START Dataset extract

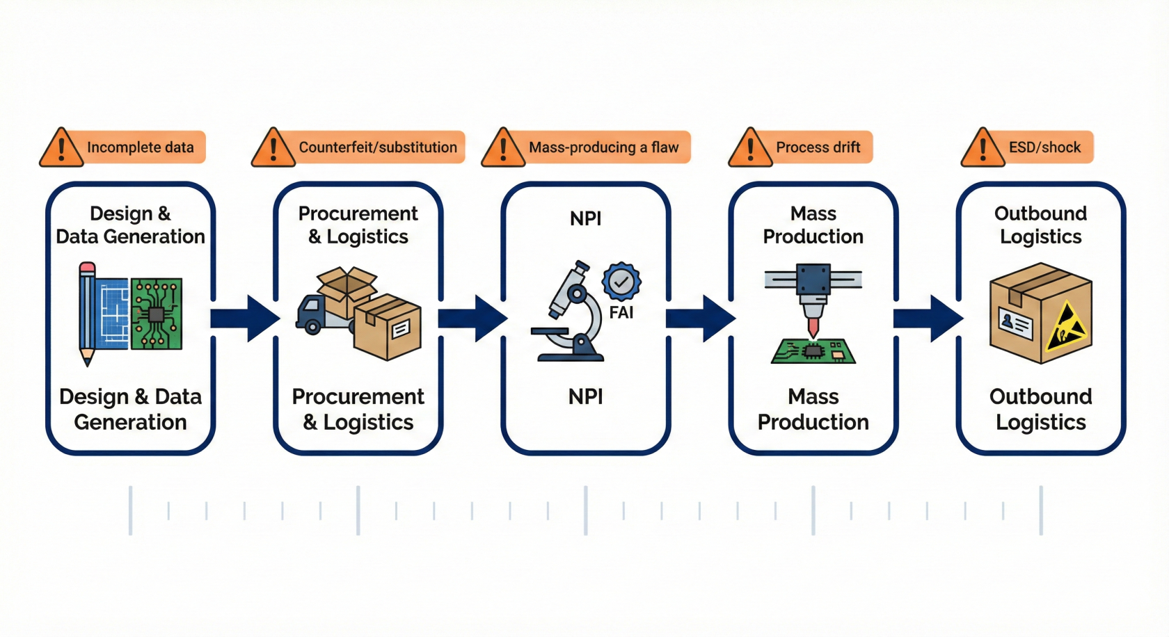 Understanding the sequential flow of an electronics product is critical for identifying risk points.
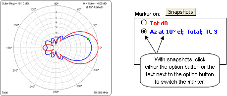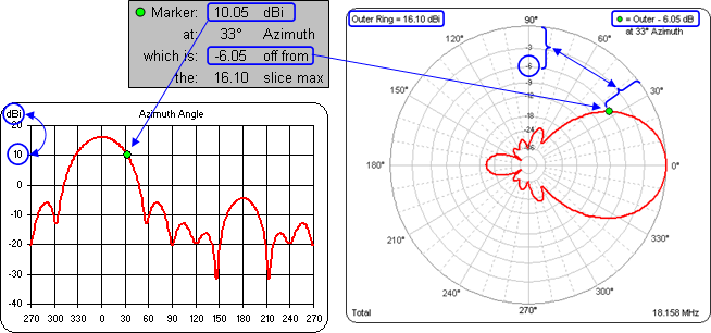 In the illustration below the marker has been placed at 33° azimuth angle. At that angle the field strength is 10.05 dBi, just slightly above the "10" horizontal gridline on the rectangular view. The same field strength is also 6.05 dB less than the 16.10 dBi outer ring setting, just slightly below the
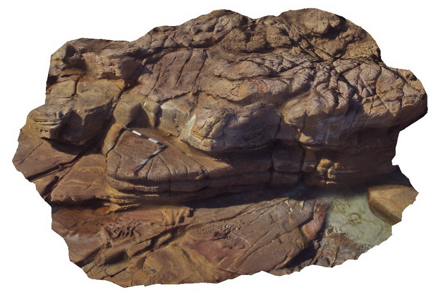 | Description: | Red-brown to orange arkose. Abundant trough cross-bedding, planar and slumped bedding. Thick beds with tabular foresets and convoluted bedding. |
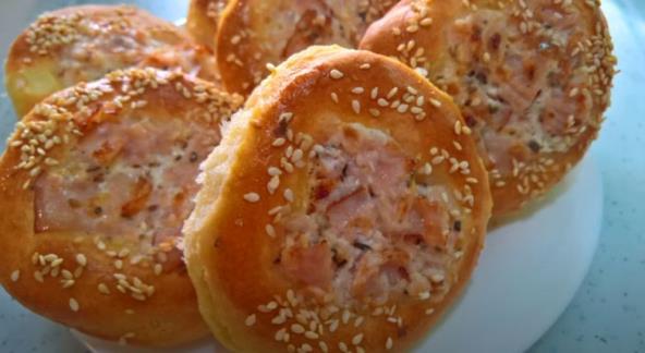 Manjom čašom napravite udubljenja u testu (ona koja ste stavili u pleh). Umutite 1 jaje i premažite obode peciva. Udubljenja punite pripremljenim filom. Pospite susamom po želji.
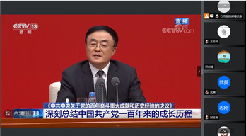 为进一步学习党的十九届六中全会精神,提高支部成员的政治素养,11月21日晚,新澳门六合彩开奖 硕士2103党支部于线上开展了以“学习全会精神,坚定理想信念”为主题的党日活动,支部全体成员参加此次活动。
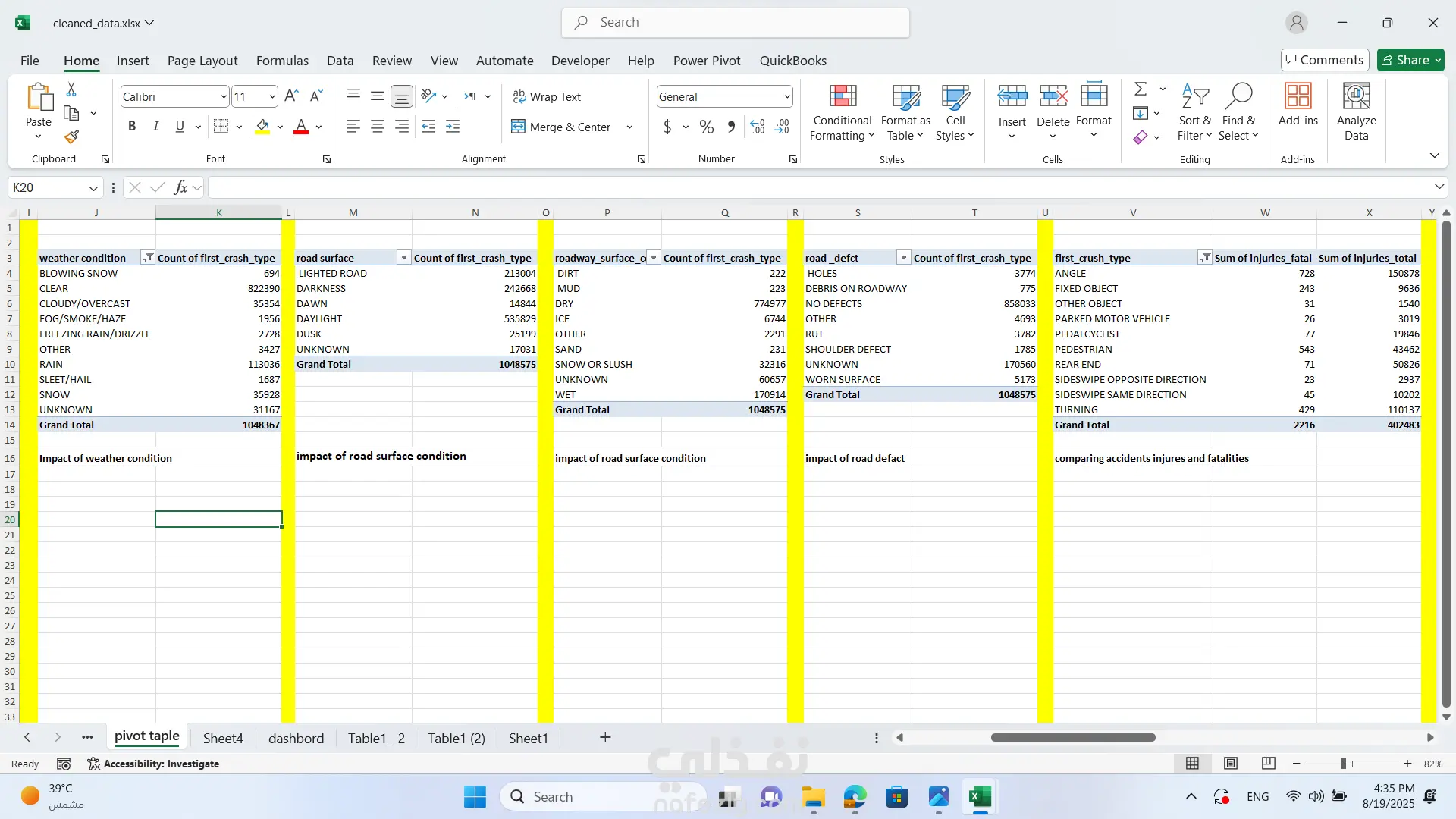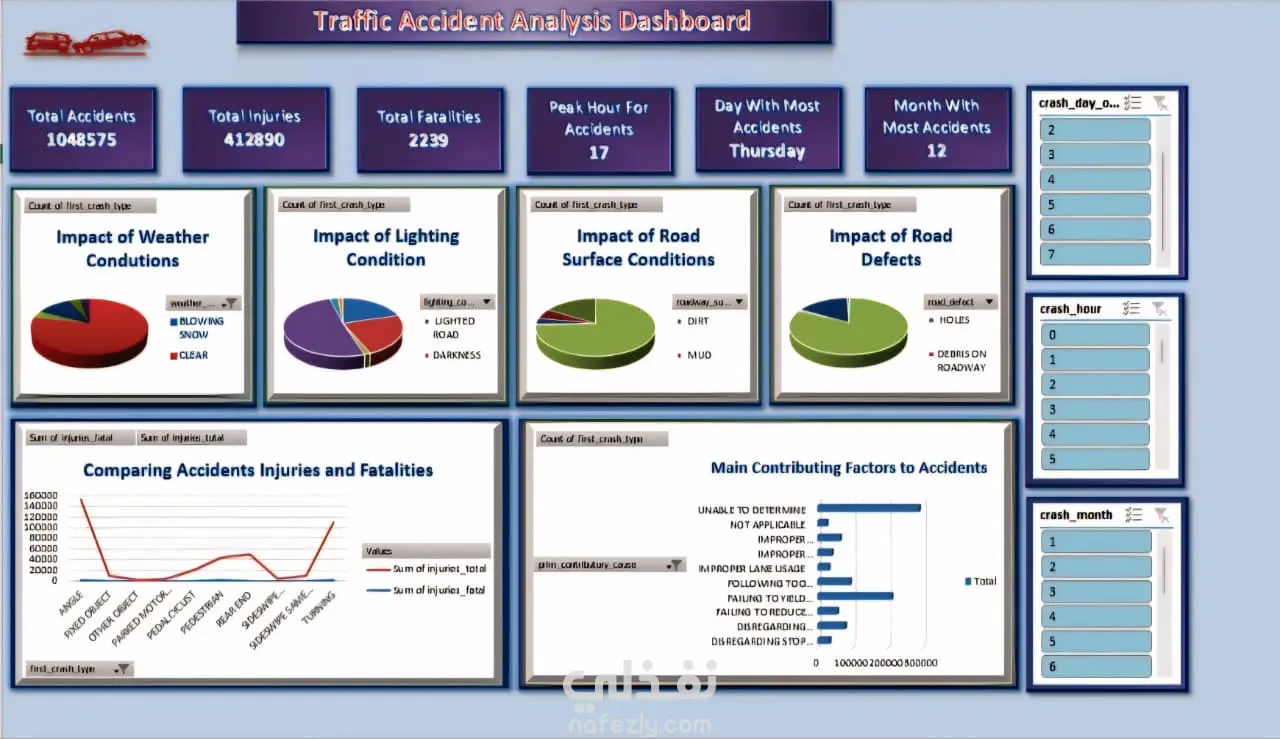 المشكلة: كانت بيانات حوادث المرور ضخمة وغير منظمة، مما جعل من الصعب فهم الأسباب الحقيقية وراء الحوادث واتخاذ قرارات فعّالة للحد منها. الحل: قمتُ بتنظيف البيانات ومعالجتها لضمان دقة التحليل، ثم صمّمت Dashboard تفاعلية باستخدام Excel تعرض أهم المؤشرات مثل عدد الحوادث، الإصابات، الوفيات، الأوقات الحرجة، والعوامل المؤثرة. كما أعددت تقريرًا تحليليًا شاملاً يتضمّن توصيات عملية للتحسين. النتائج: -عرض مؤشرات دقيقة وسهلة التفسير لدعم متخذي القرار. -تحديد الأسباب والعوامل الأكثر تأثيرًا في الحوادث. -تقديم توصيات عملية مثل تحسين الإضاءة، معالجة عيوب الطرق، وزيادة الرقابة في الأوقات الحرجة. القيمة المضافة: حوّلت البيانات غير المنظمة إلى لوحة معلومات ذكية وتقرير تحليلي يدعمان صناع القرار في وضع خطط واقعية لتقليل نسب الحوادث. الأدوات: Excel (Data Cleaning – Analysis – Dashboard – Visualization – Slicers) المهارات: Data Cleaning | Data Analysis | Dashboard Design | Storytelling | Reporting & Recommendations

END Dataset extract

→ Exercise prompt
Give back the exact lines above, running from the one that has "Manjom čašom napravite" through the one that has "为进一步学习党的十九届六中全", with nothing added and no pictures.

→ Response
 Manjom čašom napravite udubljenja u testu (ona koja ste stavili u pleh). Umutite 1 jaje i premažite obode peciva. Udubljenja punite pripremljenim filom. Pospite susamom po želji.
 为进一步学习党的十九届六中全会精神,提高支部成员的政治素养,11月21日晚,新澳门六合彩开奖 硕士2103党支部于线上开展了以“学习全会精神,坚定理想信念”为主题的党日活动,支部全体成员参加此次活动。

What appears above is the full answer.